All that prompts nostalgia for the Young era. At a recent gathering for Democratic-voting business owners at a local café, a hotel boss, Gary Renfrow, urged Ms Sink to keep beaches topped up with federal sand. An insurance broker, Eric Greene, wanted cash for roads. In contrast, government came in for much abuse at a Republican fundraiser for Mr Jolly, held at a waterfront grill, though—Lexington noticed—guests seemed more tolerant of the government’s money, when heading their way. A tax adviser, Paul Bedinghaus, denounced Mr Obama for telling businesses to provide health insurance and pay workers a minimum wage rather than “what they’re worth”. A defence consultant, Walter McCracken, demanded lower taxes and less “government imposition” in his life. Yet both men trenchantly defended Mr Young’s earmarks, calling them money “coming back to the district”. There was wide agreement among guests that Washington (while in many respects a spendthrift fount of tyranny) should bankroll Floridians’ flood insurance.

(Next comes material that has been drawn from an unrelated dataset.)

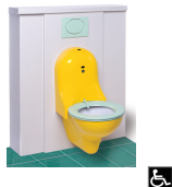
Habillage avec retour sur le côté droit ou gauche NORMES HANDICAPES WC SUSPENDU AVEC BATI

Pose du bâti-support Pose de l'habillage en stratifié post-formé

Spending on you: waste. On me: an investment in the future
In the face of such voters, both candidates pander. They agree that flood-insurance prices should not rise while cheaper alternatives are sought. Both reject the idea that urgent reforms are needed to keep Social Security (public pensions) solvent—that might alarm the many pensioners whose votes they need.
Mr Jolly dubs himself a “Bill Young Republican”. Defending his profession to a gathering of building contractors, he called himself an expert in fighting for their interests: “We have 435 lobbyists up in Washington, DC, and they’re called members of Congress,” he argues. “They’re all lobbying for their districts.”
Ms Sink is less polished: for all her experience she does a good impression of someone being forced to campaign at gunpoint. Stressing bipartisanship, she grimaces when asked if she would welcome a visit by Mr Obama, saying she wants to run on “local issues”. To her credit, she has mounted a more robust defence of Obamacare than many Democrats, vowing to fix rather than repeal the law and accusing Mr Jolly of wanting to go back to letting insurance companies “do whatever they want”. But after listing Obamacare’s pros and cons, she sadly notes: “It took me five minutes to explain that. It doesn’t lend itself to soundbites.”
If the special election does not seem very uplifting, with its wildly entitled voters and pandering candidates, contemplate this: by 2030, much of America will be as old as Florida is today. If rational spending seems a hard sell now, just wait until more places vote like the Sunshine State.